Edward St Aubyn’s earlier novel, 2021’s Double Blind, was one thing of a problem even for his devotees. Leaving apart the standard gripe that he’s by no means fairly as compelling with out the protect of his authorial alter ego Patrick Melrose, the obsessive nature of the e-book’s inquiry into bioethics, narcosis, psychotherapy, oncology, enterprise capitalism and inheritance made too heady a cocktail to be greater than sipped, just a few pages at a time. I struggled with it till the final scene, a charity bash the place a schizophrenic younger man takes his first terrified steps in employment as a waiter and occurs upon a girl who, unknown to each, is intimately associated to him. Their probability encounter was intensely transferring and tautly suspenseful – you felt a right away longing to know what would befall them.
That longing is now answered in Parallel Strains, which picks up the narrative 5 years later and reintroduces its forged of curiously troubled characters. Francis, a botanist pursuing a rewilding venture on a Sussex nation property, has now joined an NGO in Ecuador making an attempt to save lots of the Amazonian rainforest. He’s additionally elevating a son together with his spouse, Olivia, a author producing a radio sequence on pure disasters and questioning whether or not Francis can resist the amorous lures of his philanthropist boss. Olivia’s finest good friend, Lucy, is within the throes of therapy for a mind tumour, the traumatic reverberations from which have compelled her boyfriend – wild man plutocrat and drug fiend Hunter – to hunt refuge with “compassion burnout” at an Italian monastery, the place he’s hosted by a mild abbot, Guido.
The central determine of the story, its unfortunate star, is Sebastian, dragging himself from beneath the boulder of a latest breakdown and pushed to seek out the “bio mum” who deserted him as a boy. {That a} scary psychotic episode of his dominates the opening pages appears like a dangerous transfer on the writer’s half. The uninitiated reader will maybe surprise what the hell is occurring – which can be partly the purpose. The e-book survives it because of St Aubyn’s potent compound of darkish wit and flinty compassion, significantly notable within the relationship between Sebastian and his therapist Martin. The latter’s kindliness has coaxed his most fragile affected person – an orphan of the storm – in the direction of the attainable shelter of sanity (although the meds assist, too).

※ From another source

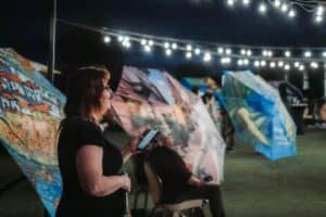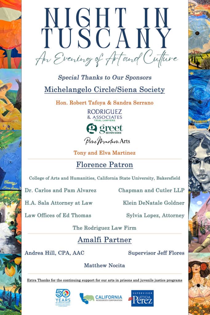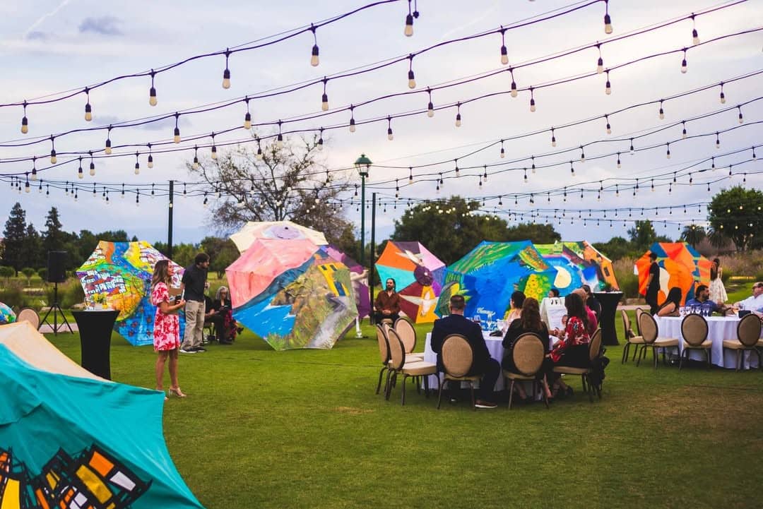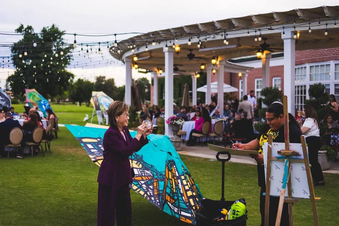 With a fantastic turnout, guests eagerly participated in the live auction of the hand-painted umbrellas, led by the talented and fast-talking auctioneer Mike Grigg. The energy was electric as bidding wars broke out and prices soared into the thousands. Throughout the evening, raffle tickets were available for purchase, with winners drawn at the end of the night for three incredible prizes: a $600 gift basket featuring a luxurious hair salon treatment, a custom mural by the esteemed Thomas Zachery, and an unforgettable six-night trip to Tuscany. To close out the evening, we shared a heartfelt moment celebrating the birthday of Arts Council Board President Tony Martinez. It was a joyful celebration of generosity and community, all in support of programs that benefit at-risk youth and individuals within our prison system.

The Bob Dylan tune Shelter from the Storm is referenced right here, however it’s arguably one other from the identical album, Easy Twist of Destiny, that has a extra important bearing on occasions. Martin is the adoptive father of Olivia and has belatedly realised that she is actually the long-lost twin of Sebastian: “The trains he had been watching from a excessive hill, as they moved in the direction of one another alongside the identical observe, have been about to crumple into one another, as they have been at all times going to.” Through the wrong-headed meddling of their start mom, this sibling encounter has now come to cross. However is it reconciliation or tragedy that awaits on the finish?
I’ve seldom learn a novel that argues extra cogently for the hard-won breakthroughs of psychoanalysis. Martin and his spouse, Lizzie, are splendidly sane exponents of a observe that continues to be prone to charlatans and a breeding floor for narcissists. One of many novel’s funniest passages is Lizzie’s lengthy riff on the advisability of “a minimal quantity of research” for all aspirant world leaders. If George W Bush, for instance, had gone on the sofa as a substitute of dodging the draft, the second Gulf battle would possibly by no means have occurred. Underneath cautious steering the president may need come to grasp that he was in competitors together with his father, an precise battle hero versus W’s wannabe, and will merely have imagined invading Iraq (the “Mission Achieved” banner was his crowning act of hubris). Contemplating the current incumbent of the White Home, this prescription takes on even higher urgency.
If there’s a flaw in St Aubyn’s dramas of consciousness it’s the tendency of his characters all to assume and speak in the identical register of droll irony. Think about a recreation of mental catch wherein the most effective and most aphoristic impersonation of Gore Vidal wins. Even Sebastian, the harmless overseas, delights his interlocutors together with his manic phrase affiliation and upside-down logic. On the novel’s grand finale – an exhibition of the work of James Turrell, the American artist identified for his investigation of sunshine – our broken hero by accident convinces a gallerist that he’s a critical critic and needs to be commissioned to jot down a list essay.
From suicide statement room to cutting-edge artwork set up, Parallel Strains plots fairly the journey. Can a younger man be saved from the abyss of self-extinction after which face the disconcerting look of a household he by no means knew he had? When brother and sister go to Kenwood Home in north London and take a look at a Rembrandt self-portrait, Olivia observes that the painter’s gaze is “weak however sturdy”, which appears to encapsulate this novel’s philosophical imaginative and prescient. In a lesser author the temptations of sentimentality would get the higher hand, however St Aubyn is clear-sighted and humane on the fundamental requirement of life: “Compassion is simply love within the face of struggling and love doesn’t run out with use – it grows stronger.”